Ему сейчас – не хотелось вспоминать об Алине, но Ольда сама к тому несколько раз обращалась, и это было ему очень неприятно, ни к чему. Касалось ли того, другого, – она спрашивала: а как к этому Алина относится? или как в таком случае поступает? А один раз прямо спросила:
– Ты её сильно любишь?
Он уклонялся.
Такую освободительную лёгкость испытывал в себе Георгий, забыл ощущать, что она бывает. В сердце – такой перетоп благодарности к Ольде, что в объёме груди не оставалось места ни для сомнений, ни для вины.

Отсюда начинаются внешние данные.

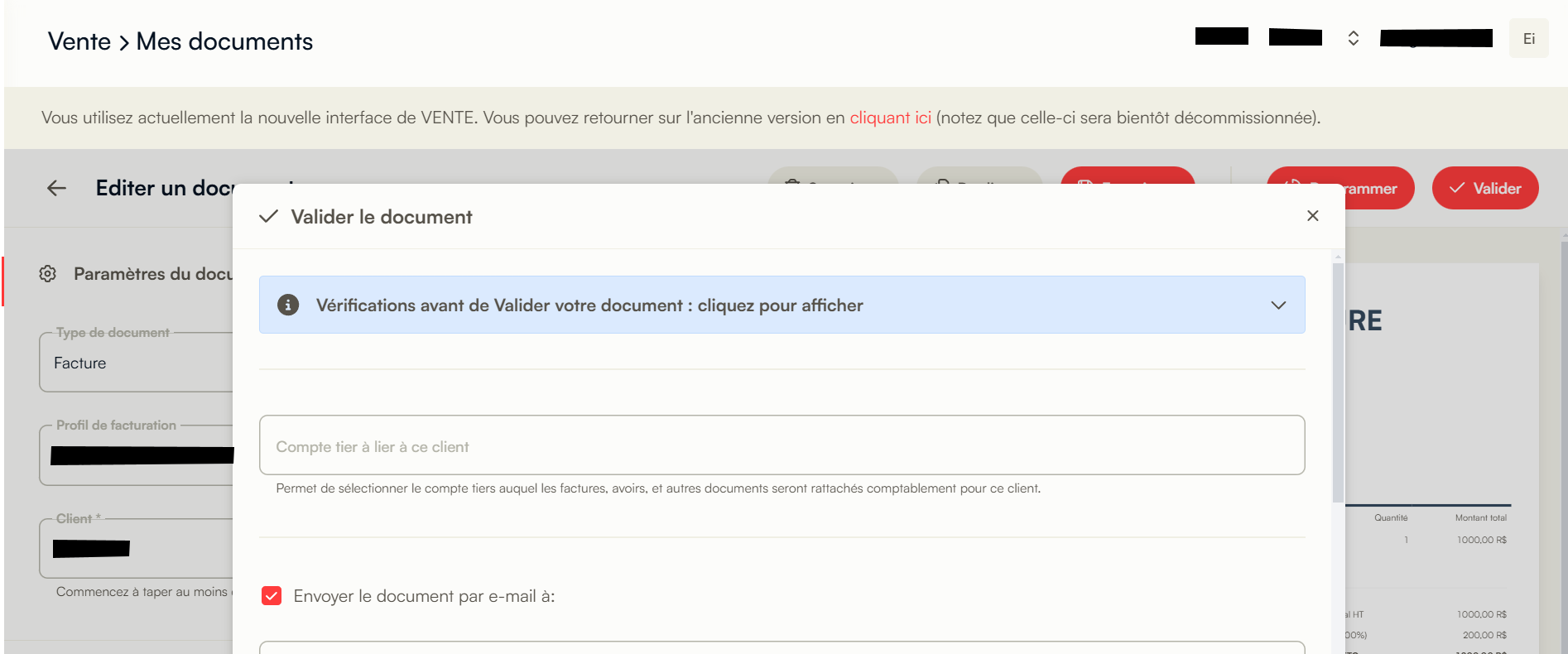 Si cette étape n'a pas été effectuée, un rappel s'affichera lors de la validation de votre facture, vous offrant la possibilité de réaliser cette association à ce moment-là.
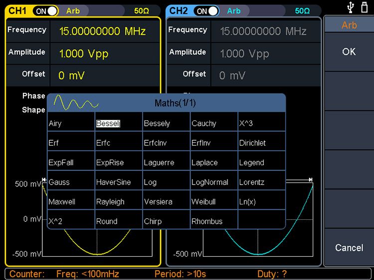 sinc、指数上升、指数下降、心电图、高斯、半正矢、洛仑兹、双音频、DC电压共计150多种 |

Все эти пролетающие сутки была Ольда, с Ольдой и вокруг неё, – нечто безобманное, законное, да, именно законное, вполне заслуженное после всей его позиционной вымерлости, после всех его неоценённых военных, служебных заслуг. Ладно, Верховное Главнокомандование не оценило его, – эта маленькая женщина стала ему сама собою лучшая живая награда от плодов России, лучше всех орденов.

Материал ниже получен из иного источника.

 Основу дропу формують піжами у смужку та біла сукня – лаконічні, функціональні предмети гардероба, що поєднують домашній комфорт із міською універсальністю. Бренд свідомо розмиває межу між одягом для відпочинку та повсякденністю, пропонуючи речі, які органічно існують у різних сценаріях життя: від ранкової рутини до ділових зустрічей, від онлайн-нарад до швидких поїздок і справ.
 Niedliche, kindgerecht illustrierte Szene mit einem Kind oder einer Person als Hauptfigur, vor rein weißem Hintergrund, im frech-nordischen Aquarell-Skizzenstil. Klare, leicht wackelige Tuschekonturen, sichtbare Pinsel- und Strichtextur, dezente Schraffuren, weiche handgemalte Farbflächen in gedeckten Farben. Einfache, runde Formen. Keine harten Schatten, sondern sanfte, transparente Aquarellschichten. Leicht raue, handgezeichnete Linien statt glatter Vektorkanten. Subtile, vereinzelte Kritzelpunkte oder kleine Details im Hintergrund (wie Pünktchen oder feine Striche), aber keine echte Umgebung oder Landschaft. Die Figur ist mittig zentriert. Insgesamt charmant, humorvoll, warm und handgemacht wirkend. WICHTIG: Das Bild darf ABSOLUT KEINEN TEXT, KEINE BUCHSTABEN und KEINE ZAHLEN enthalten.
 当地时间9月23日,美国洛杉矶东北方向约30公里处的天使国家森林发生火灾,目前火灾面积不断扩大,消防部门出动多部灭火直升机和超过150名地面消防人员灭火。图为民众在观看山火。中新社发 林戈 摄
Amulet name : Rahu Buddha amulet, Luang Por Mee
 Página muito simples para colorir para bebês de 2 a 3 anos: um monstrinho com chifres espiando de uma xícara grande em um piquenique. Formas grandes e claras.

Да не была ли она – та самая: безымянная, никогда не встреченная, даже и не воображённая за пределами точного зрения, – но с такой же остротой ощущений однажды явившаяся ему во сне, под Уздау?

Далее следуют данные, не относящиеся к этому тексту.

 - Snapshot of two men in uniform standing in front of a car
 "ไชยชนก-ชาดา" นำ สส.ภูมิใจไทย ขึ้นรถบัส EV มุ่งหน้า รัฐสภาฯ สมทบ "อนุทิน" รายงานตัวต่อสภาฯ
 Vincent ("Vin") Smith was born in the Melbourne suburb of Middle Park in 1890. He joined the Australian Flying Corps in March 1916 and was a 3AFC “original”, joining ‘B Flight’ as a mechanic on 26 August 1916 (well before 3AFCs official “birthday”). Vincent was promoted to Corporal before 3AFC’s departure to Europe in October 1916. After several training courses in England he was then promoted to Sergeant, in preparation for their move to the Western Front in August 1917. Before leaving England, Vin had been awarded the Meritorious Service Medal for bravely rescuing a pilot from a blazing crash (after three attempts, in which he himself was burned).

Как раз Ольда сама и заговорила однажды, созерцательно вдаль, фантазируя, как вспоминая:
– А ведь мы давно друг друга знаем. Ты это ощущаешь?
Не то чтоб именно так. Именно такую – не мог бы он прежде составить и вообразить. Но вот, знаешь, однажды…
– Под 14 августа 14-го года – где ты была? с кем? О чём думала?
Рассказал.
Улыбалась. Водила рукой по его усам, бороде:
– Ты очень ярый.
– Вот уж не думал.
Сожмуривалась пытливо:
– Ты ещё сам себя – совсем не знаешь. Хоть и в сорок лет. Ты – неправильно с самой юности жил.
– А иначе б я не успел ничего, Ольженька!
– А что уж ты так успел?
Тоже правда: что он успел? Одни только замыслы, замахи да поражения. Да опала. Обычно полковники генерального штаба уклоняются быть на полках, это для них не карьера, генштабист – лишь четвёртый-пятый, они дорого обошлись в ученьи, чтоб их использовать так. Но вот прокомандовав два года полком, Воротынцев имел право быть генералом. А не был.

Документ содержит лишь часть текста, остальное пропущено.